PEMF is broadly safe for the elbow region. Contraindications are narrow and systemic rather than site-specific:

  • Active cardiac pacemaker or implanted defibrillator
  • Pregnancy (precautionary)
  • Active epilepsy
  • Active malignancy in the treatment region
  • Implanted metal hardware at or near the treatment site (relative contraindication — assess case by case)

Importantly: a history of corticosteroid injections at the site is NOT a contraindication to PEMF — these patients are frequently the best responders, as PEMF addresses the degenerative process the steroids cannot repair.
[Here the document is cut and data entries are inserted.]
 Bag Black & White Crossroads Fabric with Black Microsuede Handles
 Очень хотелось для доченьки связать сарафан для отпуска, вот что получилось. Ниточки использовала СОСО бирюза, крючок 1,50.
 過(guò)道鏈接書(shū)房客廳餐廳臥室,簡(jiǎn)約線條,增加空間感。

Frequently Asked Questions

How quickly will patients feel improvement?

Most patients notice reduced pain during activity by sessions 4–6 (weeks 2–3). The 60% VAS reduction observed at 6 weeks reflects sustained progress rather than a sudden shift. Patients should be counseled that PEMF is a repair-based therapy, not a masking agent — early sessions initiate the biological repair process, with full functional benefit emerging over 6–12 weeks.

Can PEMF be used immediately after a steroid injection?
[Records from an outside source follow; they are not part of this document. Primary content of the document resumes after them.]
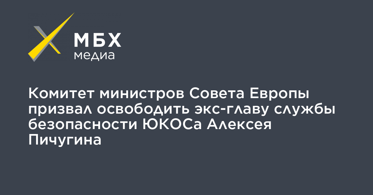 Комитет министров Совета Европы призвал российские власти принять индивидуальные меры, «необходимые для устранения последствий обвинительных приговоров» экс-главе службы безопасности ЮКОСа Алексею Пичугину, то есть провести новый суд или помиловать его. Об этом говорится в резолюции Комитета министров.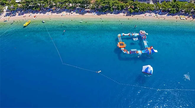 Ihneď po raňajkách sa dostatočne najedení vyberte rovno na piesočnato-kamienkovú pláž, kam to máte len 200 metrov. Čas sa tu dá tráviť plávaním a opaľovaním, ale aj rôznymi vodnými športmi – za príplatok vás odvezú napríklad na lodi v tvare banánu či vodných lyžiach. Prenajať si môžete aj bicykle na objazd okolia či ihrisko na plážový volejbal.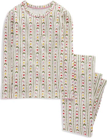 A henley neck and embroidered accents update snuggly long-sleeve pajamas made from soft cotton jersey and covered in a festive pattern.
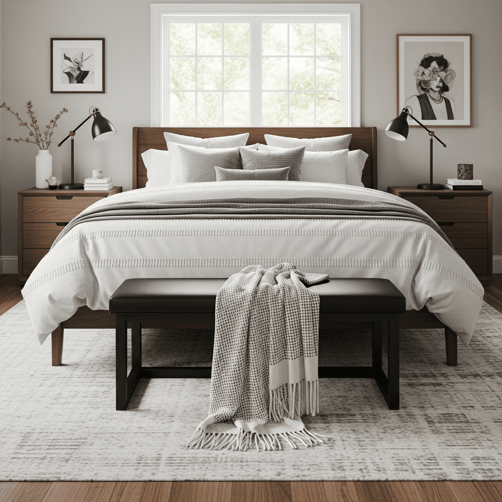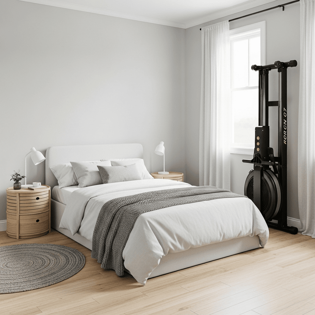 Layer a large, plush area rug over a section of high-density rubber gym flooring. This provides the “grip” needed for heavy lifts in one area while maintaining the soft, cozy feel of a bedroom in the sleep zone.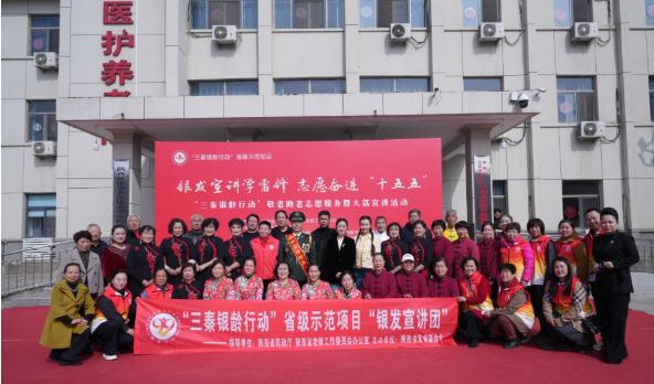 3月5日,在第63个“学雷锋纪念日”当天,由陕西省民政厅、陕西省老龄工作委员会办公室指导,陕西省慈善联合会主办的“三秦银龄行动”省级示范项目“银发宣讲团”,走进大荔县东城街道北大社区陕健医渭北医护养老院,开展“银发宣讲学雷锋 志愿奋进‘十五五’”主题志愿服务活动。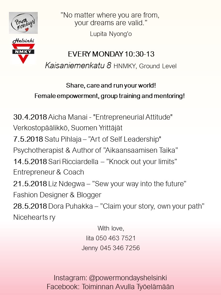 Voit myös kysyä lisätietoa: sarianne.nordberg(a)hnmky.fi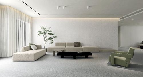 應(yīng)用產(chǎn)品:范思哲黑、紫花漫(花漫黃) 盡管天花板沒有任何的造型和層次,但客廳給人一種干凈利落的視覺效果,讓空間顯得更加通透明亮?!揪_裘白】與【云紗深灰】的獨(dú)特肌理,搭配時(shí)尚精致的軟裝家具,能提升整體氛圍與品質(zhì)感,讓人自在舒服,放松身心。

Clinical practice in Israel recommends a minimum 3-week interval after injection before initiating PEMF, allowing the steroid's acute anti-inflammatory effect to resolve. PEMF can then address the residual tendinopathy and restore functional strength. This sequence — steroid for acute pain control, PEMF for tendon repair — is a clinically logical combination.

What about bilateral tennis elbow?

PEMF can be applied bilaterally in the same session using sequential coil placement. A standard 30-minute session can treat both elbows, adding approximately 15 minutes. Bilateral cases are more common in occupational overuse presentations (keyboard workers, assembly line operators) — a large patient segment in the Philippine economy.

The Investment Case for Philippine Clinics

Tennis elbow is a high-volume, high-completion-rate indication. Patients are typically working-age adults (35–54) with strong motivation to return to work and daily function. Unlike acute injury presentations, lateral epicondylitis requires 12–18 sessions across 6–8 weeks — a full treatment course that generates significant per-patient revenue.

The PEMF advantage — superior durability vs. corticosteroid injections at half the cost — is a compelling referral narrative for orthopedic surgeons and occupational physicians, generating a consistent upstream referral stream for Philippine PEMF clinics.